Reprint all of the data below exactly as shown and skip every image.

-- Collected material --
◆ ◆ ◆ ◆
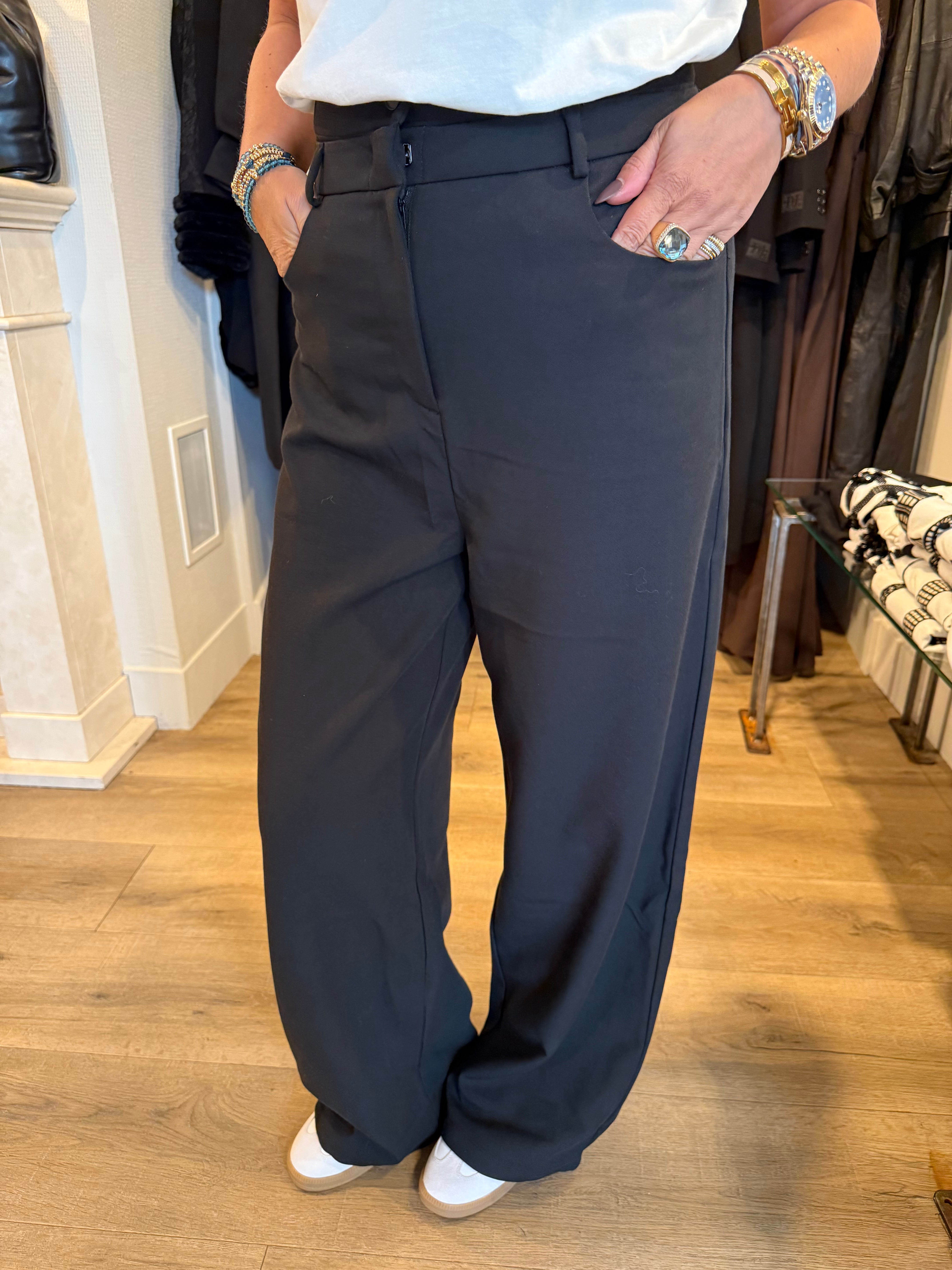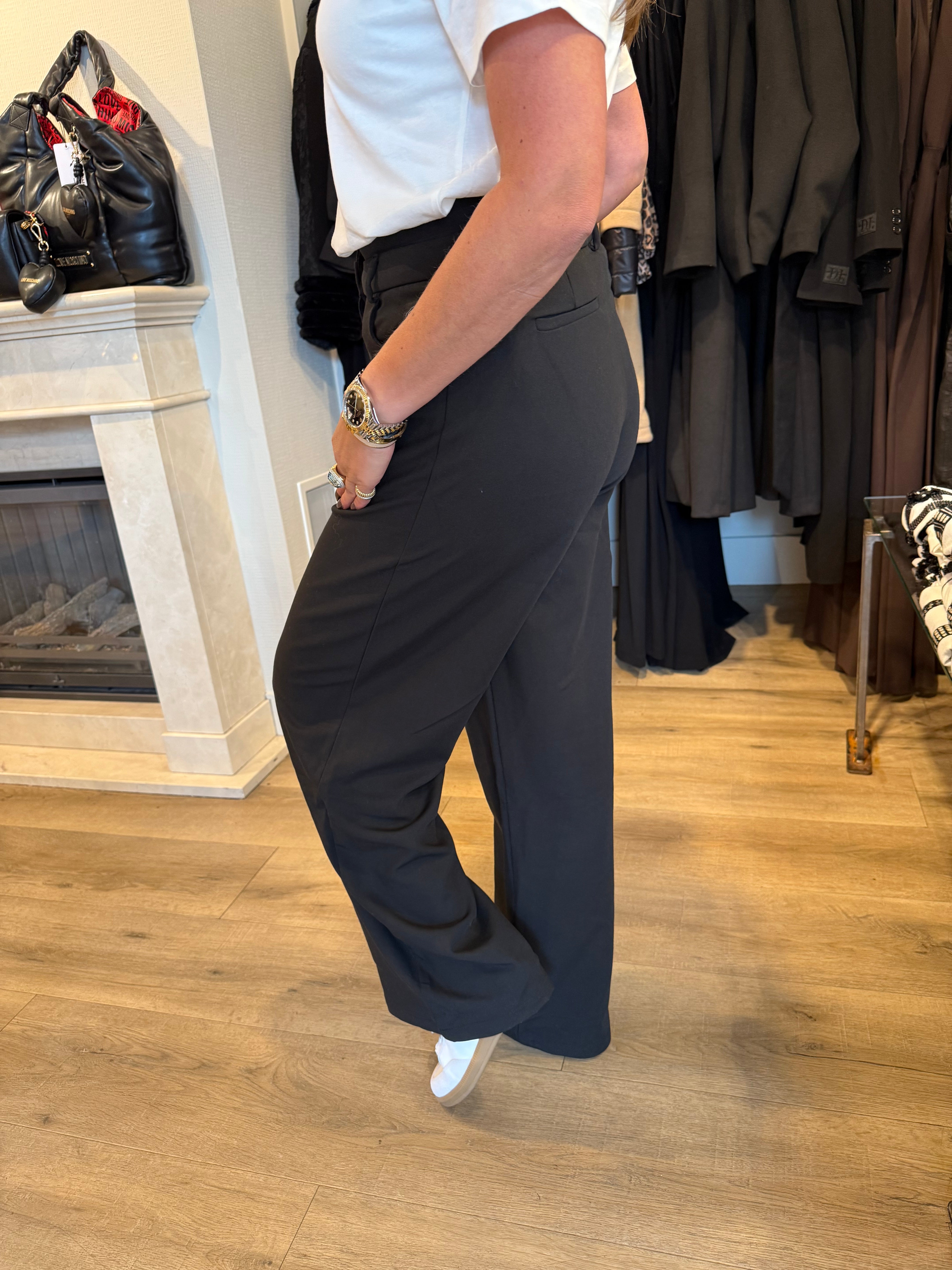 Prachtige pantalon met een sportieve touch. Model draagt maat 28
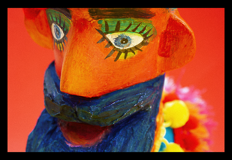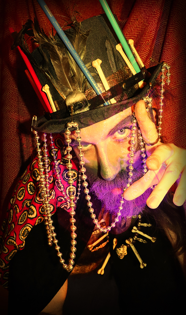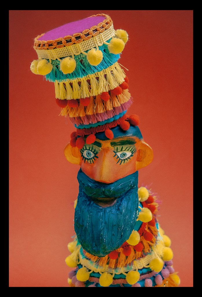 “I used what I had for this photoshoot inspired by those colourful Chinelos. My throw blanket dropped over the front of my wardrobe made for a handy backdrop. Previous halloween costumes coupled with some colouring pencils and Christmas decorations adorned the hat held together with safety pins to create some Boy George/Jamiroquai hybrid. Green and purple face-paint I previously used for a Beetlejuice costume was painted on my face and beard. A cheap but powerful sunset lamp lit the scene and set the vibe. I had a fucking blast doing this and becoming a character.”
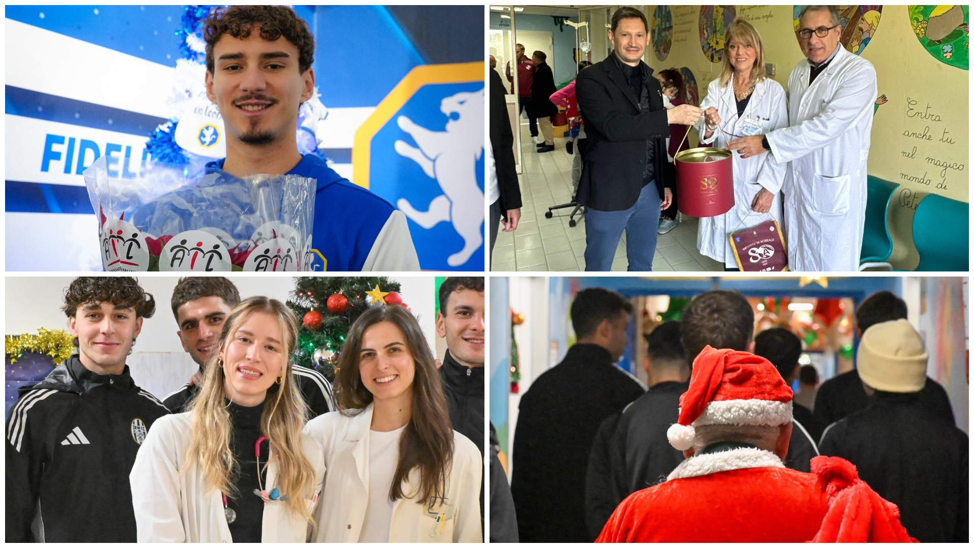 I giocatori del Piacenza in versione “Babbo Natale” hanno consegnato regali e momenti di felicità ai bambini ricoverati nei reparti di Neonatologia e Pediatria dell’Ospedale del centro emiliano. Un’iniziativa organizzata dai tifosi insieme a aziendauslpiacenza e all’associazione William Bottigelli. La Pistoiese ha festeggiato con tutta la filiera del club un “Natale Speciale” grazie alla partecipazione del team “special” orange. La squadra insieme allo staff tecnico e alla dirigenza, ha preso parte all’incontro promosso dalla Fondazione MAIC insieme alle principali realtà sportive del territorio. La Pistoiese ha triplicato l’impegno prendendo parte alla ventisettesima edizione di “Stelle nello Sport, un’asta benefica a sostegno della Fondazione Gigi Ghirotti, da anni impegnata nell’assistenza socio-sanitaria e nelle cure palliative per le persone più bisognose.
◆ ◆ ◆ ◆
-- Task output --
 Prachtige pantalon met een sportieve touch. Model draagt maat 28
 “I used what I had for this photoshoot inspired by those colourful Chinelos. My throw blanket dropped over the front of my wardrobe made for a handy backdrop. Previous halloween costumes coupled with some colouring pencils and Christmas decorations adorned the hat held together with safety pins to create some Boy George/Jamiroquai hybrid. Green and purple face-paint I previously used for a Beetlejuice costume was painted on my face and beard. A cheap but powerful sunset lamp lit the scene and set the vibe. I had a fucking blast doing this and becoming a character.”
 I giocatori del Piacenza in versione “Babbo Natale” hanno consegnato regali e momenti di felicità ai bambini ricoverati nei reparti di Neonatologia e Pediatria dell’Ospedale del centro emiliano. Un’iniziativa organizzata dai tifosi insieme a aziendauslpiacenza e all’associazione William Bottigelli. La Pistoiese ha festeggiato con tutta la filiera del club un “Natale Speciale” grazie alla partecipazione del team “special” orange. La squadra insieme allo staff tecnico e alla dirigenza, ha preso parte all’incontro promosso dalla Fondazione MAIC insieme alle principali realtà sportive del territorio. La Pistoiese ha triplicato l’impegno prendendo parte alla ventisettesima edizione di “Stelle nello Sport, un’asta benefica a sostegno della Fondazione Gigi Ghirotti, da anni impegnata nell’assistenza socio-sanitaria e nelle cure palliative per le persone più bisognose.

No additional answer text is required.